Murder Underground started off slow for me, but it picked up pace as it got further into the story. The details of showing us all the details that the family members have been hiding from the police and from each other add to the cleverness of the book. We start to feel the anxiety alongside certain characters as they try to maintain their tangled web. The conclusion was interesting, but I wish it had given us further clues to the solution earlier in the book.
The characters in this book all come off as suspicious, since we know that all are hiding things from each other and the police. Some seem bad, while others seem merely confused about how to deal with the difficulty situation thrown upon them.
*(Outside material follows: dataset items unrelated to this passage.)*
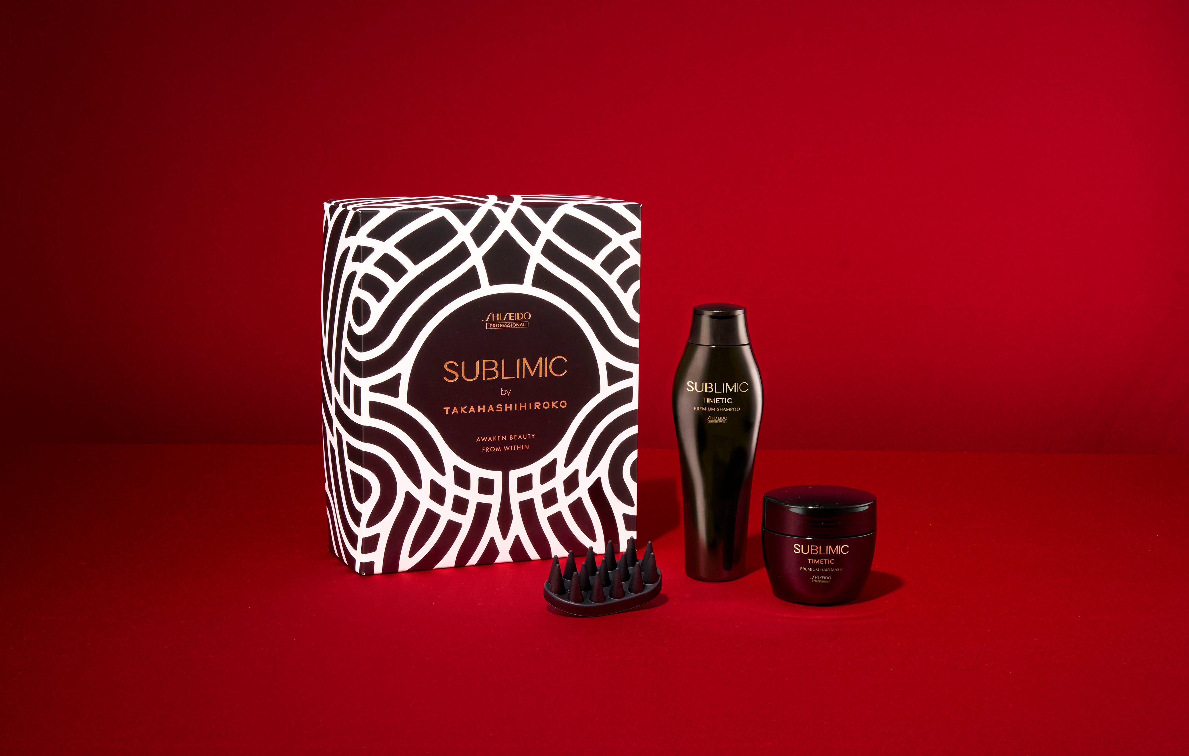 本商品は、日本人アーティスト・高橋理子氏とのコラボレーションによるプレミアムデザインボックスを採用。頭皮と髪を同時にケアできるシャンプー・ヘアマスクに加え、日々のケアを格上げするオリジナルスカルプブラシをセットにした限定ギフトセットです。
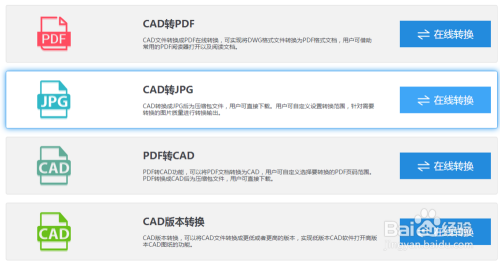 这里我们可以选择在线转换的方式,便利有适用。百度搜刮CAD在线转换器,进入在线转换界面,选择CAD版本转换。
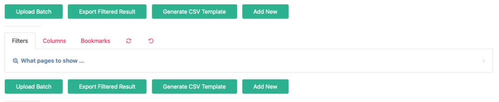 I created a PW module for a new admin page and I have set some buttons and a lister in an execute.php file: <div> <a class="ui-button" href="./upload-batch-record">Upload batch</a> <a class="ui-button" href="./export-filtered">Export filtered result</a> <a class="ui-button" href="./generate-template">Generate CSV Template</a> <a class="ui-button" href="<?= $addUrl ?>">Add New</a> </div> <hr class="uk-divider-small" /> <?= $table ?> Though to my surprise, Lister is also generating these buttons on top of the table like this: What can I do to prevent this?
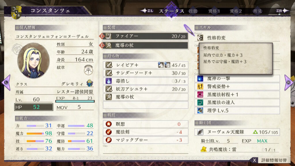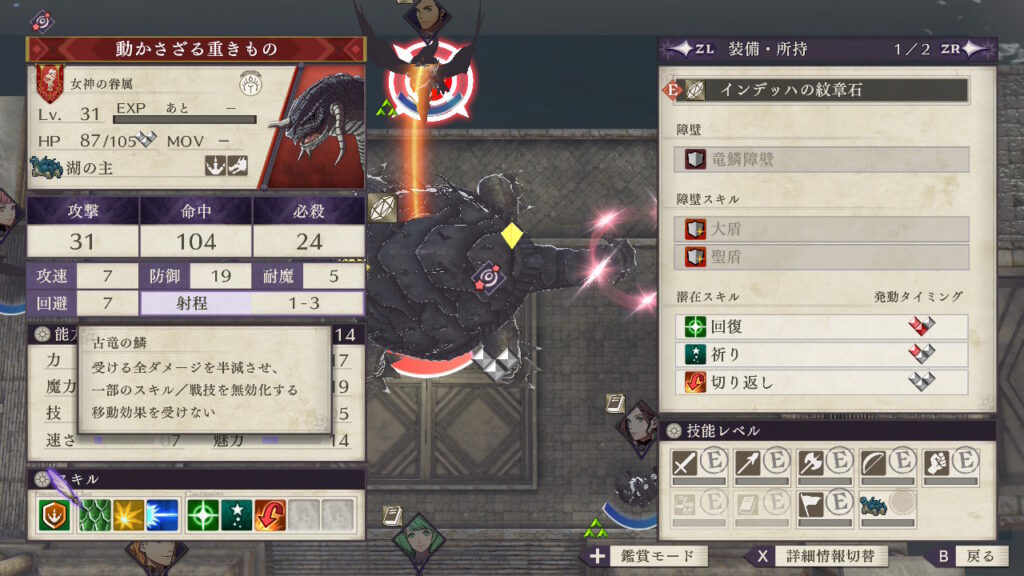 | フェルディナント (騎馬) | 防御28 耐魔11 | 防御が高めだがカンストが狙えない域ではなく、耐魔に関しては金鹿の学級編最終戦のフォドラ十傑程度のものなので、物理・魔法のどちらでもカンストは狙える。 但し、ラディスラヴァを倒すかフェルディナントとの戦闘が始まると同じエリアに増援として入って来るローレンツら同盟軍の存在が位置取りの難易度を上げる |

Famous mystery novelist Dorothy L. Sayers was a contemporary of Hay at Oxford, though Hay attended St. Hilda’s College, while Sayers attended Sommerville, both women’s colleges. However, they were not allowed to receive degrees because they were women despite the fact that they performed all the work for degrees. They both were able to receive degrees when Oxford finally opened up the opportunity to get degrees in 1920. Sayers published the following quote in the 1934 Sunday Times: “This detective novel is much more than interesting. The numerous characters are well differentiated, and include one of the most feckless, exasperating and lifelike literary men that ever confused a trail” (quoted from Carol Westron’s Writing Blog ).
The audio edition of Murder Underground is performed by Patience Tomlinson. While I felt she did a decent recording job, to be honest, I was not especially impressed. I felt that the book did not flow in the manner of the better narrators. The voices she used for the male characters did not suit them well, coming off as nasal and abnormal. I found her expressions to be adequate but not engaging. Her female voices did come across as believable, giving a redeeming factor to her performance. However, I was disappointed in it in general.
I appreciated Underground Murder but think I would have appreciated it further if a different narrator had performed it and brought it to life. The latter part of the book kept me fascinated, and maybe with a different narrator I would have gotten attached more from the beginning. I give the book four stars in story, two stars in performance, averaging to three stars in total.